> Data provided:
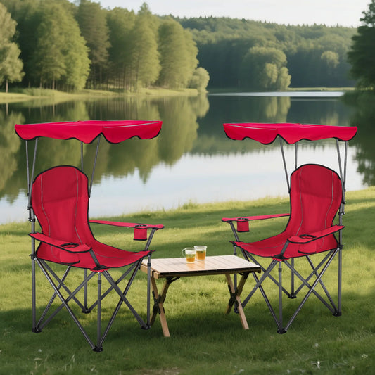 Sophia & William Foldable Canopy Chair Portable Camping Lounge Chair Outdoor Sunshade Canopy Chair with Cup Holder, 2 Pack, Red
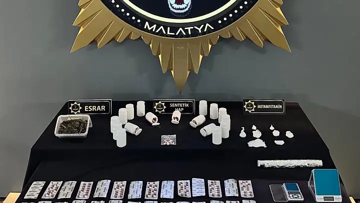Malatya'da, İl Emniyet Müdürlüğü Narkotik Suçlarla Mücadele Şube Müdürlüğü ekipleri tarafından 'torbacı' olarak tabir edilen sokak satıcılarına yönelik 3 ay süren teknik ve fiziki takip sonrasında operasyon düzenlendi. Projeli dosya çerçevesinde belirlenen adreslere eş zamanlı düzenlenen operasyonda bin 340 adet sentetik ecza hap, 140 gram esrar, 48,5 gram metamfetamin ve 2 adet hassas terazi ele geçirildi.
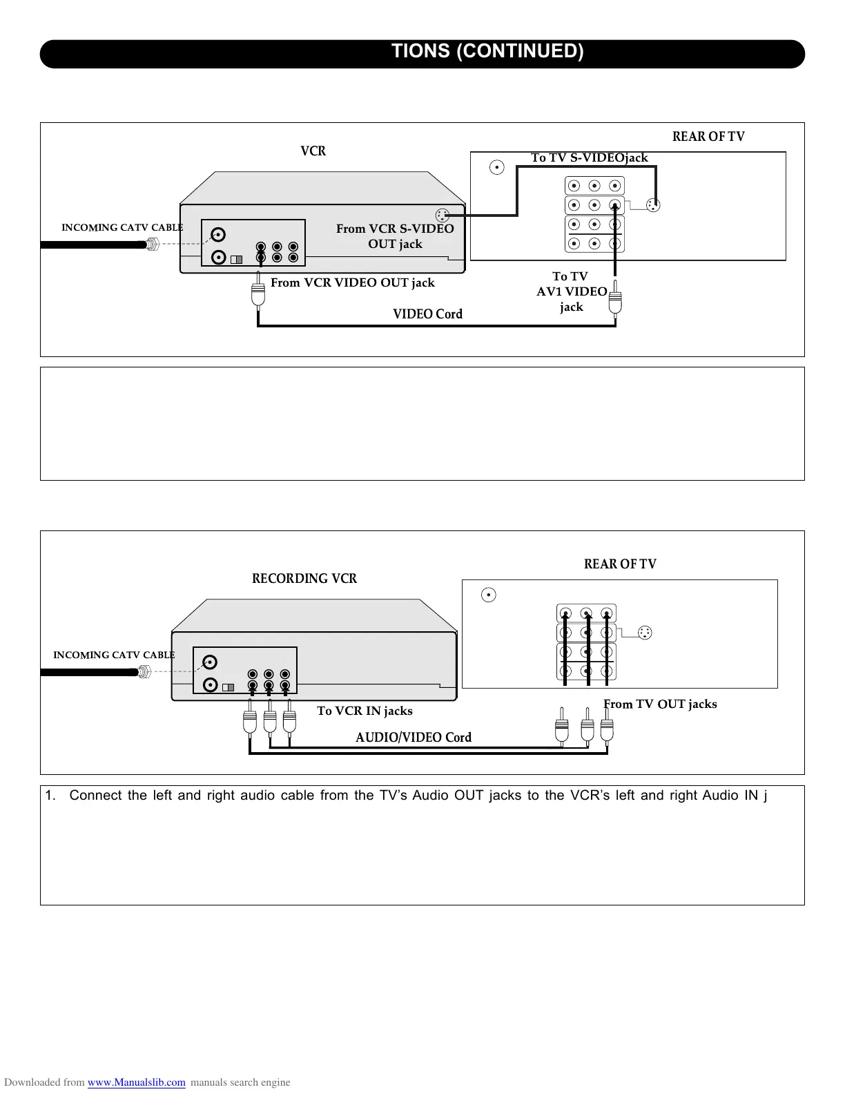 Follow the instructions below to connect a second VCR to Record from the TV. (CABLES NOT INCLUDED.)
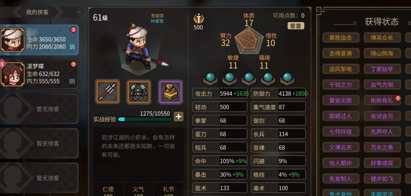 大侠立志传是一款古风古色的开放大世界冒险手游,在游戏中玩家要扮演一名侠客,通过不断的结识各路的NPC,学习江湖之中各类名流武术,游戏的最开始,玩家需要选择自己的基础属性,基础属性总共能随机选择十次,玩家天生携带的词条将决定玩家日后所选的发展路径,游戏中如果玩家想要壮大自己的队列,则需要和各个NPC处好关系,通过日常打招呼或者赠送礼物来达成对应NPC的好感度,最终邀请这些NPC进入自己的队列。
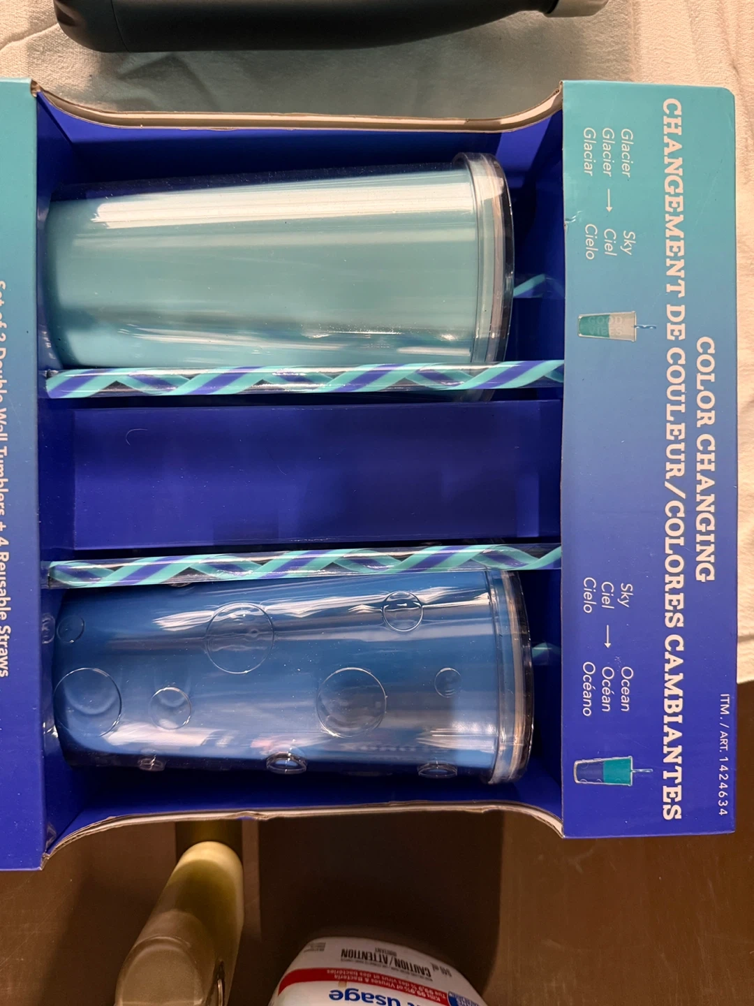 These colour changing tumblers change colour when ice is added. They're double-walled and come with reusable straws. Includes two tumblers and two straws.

--

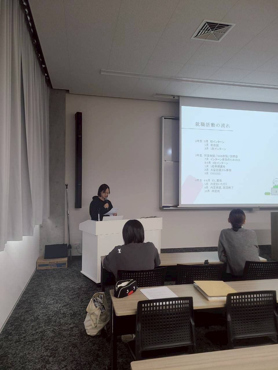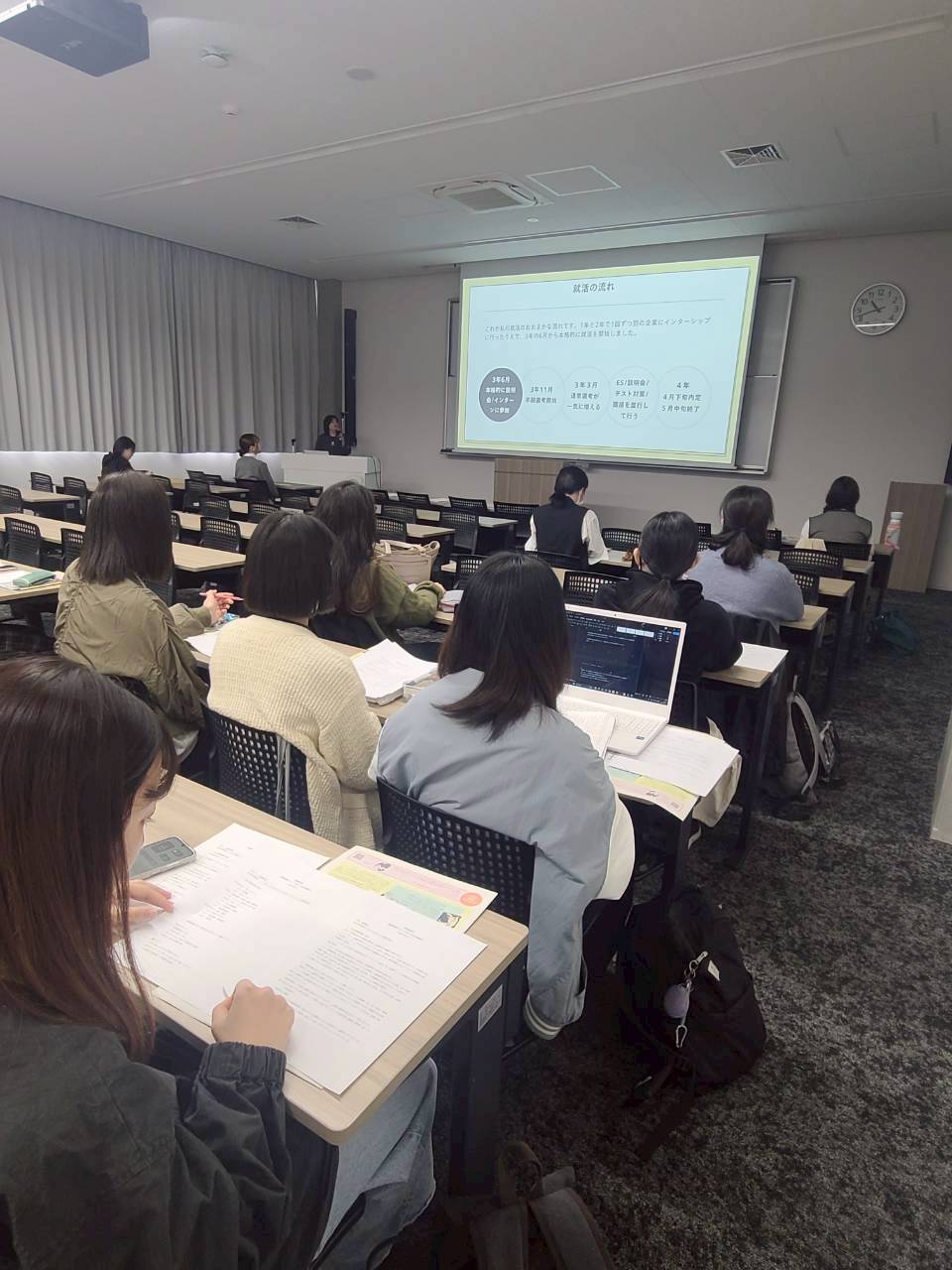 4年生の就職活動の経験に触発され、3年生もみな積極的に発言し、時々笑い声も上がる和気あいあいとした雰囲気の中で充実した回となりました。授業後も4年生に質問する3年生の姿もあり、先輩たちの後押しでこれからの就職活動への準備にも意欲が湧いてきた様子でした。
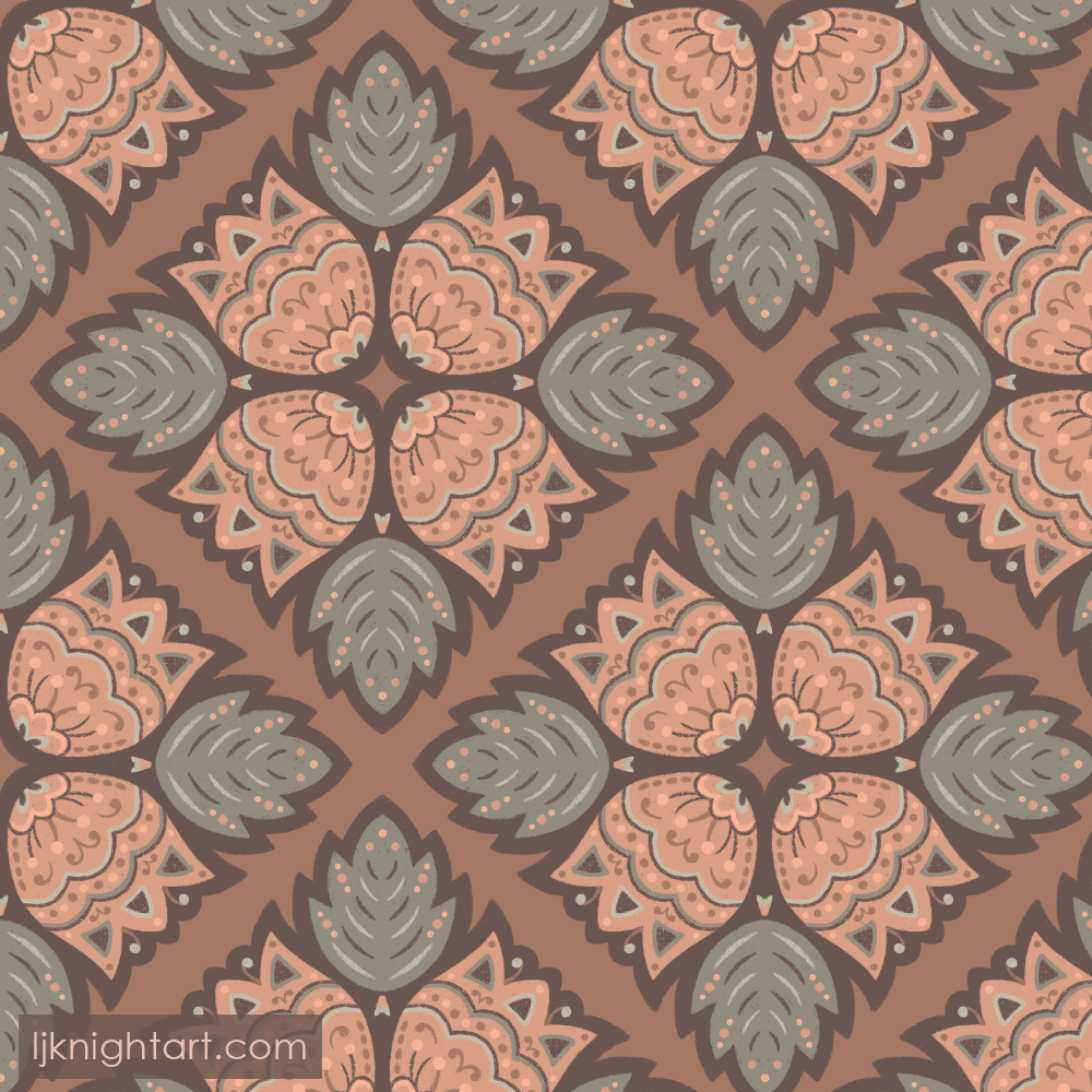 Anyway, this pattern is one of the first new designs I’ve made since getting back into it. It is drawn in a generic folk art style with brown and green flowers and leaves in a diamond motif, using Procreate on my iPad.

==

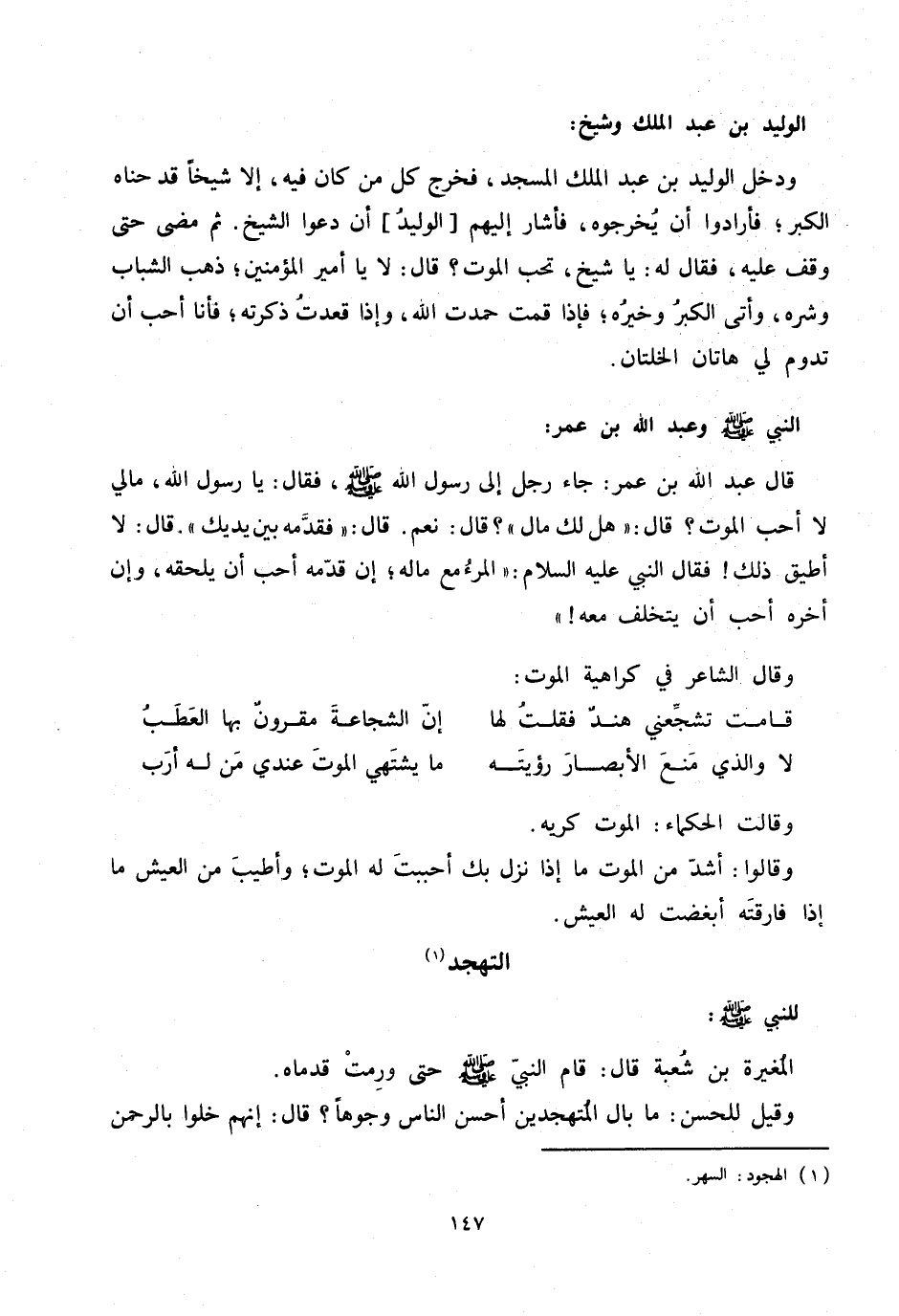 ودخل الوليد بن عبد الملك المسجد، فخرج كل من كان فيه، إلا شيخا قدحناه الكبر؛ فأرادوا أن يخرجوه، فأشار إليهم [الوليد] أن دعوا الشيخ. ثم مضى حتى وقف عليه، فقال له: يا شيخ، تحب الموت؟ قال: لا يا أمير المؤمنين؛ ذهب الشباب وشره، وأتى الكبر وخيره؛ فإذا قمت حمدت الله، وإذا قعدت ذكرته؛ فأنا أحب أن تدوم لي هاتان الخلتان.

> What this task involves:
Only one stretch of the listing is wanted: the lines starting at the one with "Sophia & William" and ending at the one with "These colour changing", copied exactly and free of pictures.

> Written answer:
 Sophia & William Foldable Canopy Chair Portable Camping Lounge Chair Outdoor Sunshade Canopy Chair with Cup Holder, 2 Pack, Red
Malatya'da, İl Emniyet Müdürlüğü Narkotik Suçlarla Mücadele Şube Müdürlüğü ekipleri tarafından 'torbacı' olarak tabir edilen sokak satıcılarına yönelik 3 ay süren teknik ve fiziki takip sonrasında operasyon düzenlendi. Projeli dosya çerçevesinde belirlenen adreslere eş zamanlı düzenlenen operasyonda bin 340 adet sentetik ecza hap, 140 gram esrar, 48,5 gram metamfetamin ve 2 adet hassas terazi ele geçirildi.
 Follow the instructions below to connect a second VCR to Record from the TV. (CABLES NOT INCLUDED.)
 大侠立志传是一款古风古色的开放大世界冒险手游,在游戏中玩家要扮演一名侠客,通过不断的结识各路的NPC,学习江湖之中各类名流武术,游戏的最开始,玩家需要选择自己的基础属性,基础属性总共能随机选择十次,玩家天生携带的词条将决定玩家日后所选的发展路径,游戏中如果玩家想要壮大自己的队列,则需要和各个NPC处好关系,通过日常打招呼或者赠送礼物来达成对应NPC的好感度,最终邀请这些NPC进入自己的队列。
 These colour changing tumblers change colour when ice is added. They're double-walled and come with reusable straws. Includes two tumblers and two straws.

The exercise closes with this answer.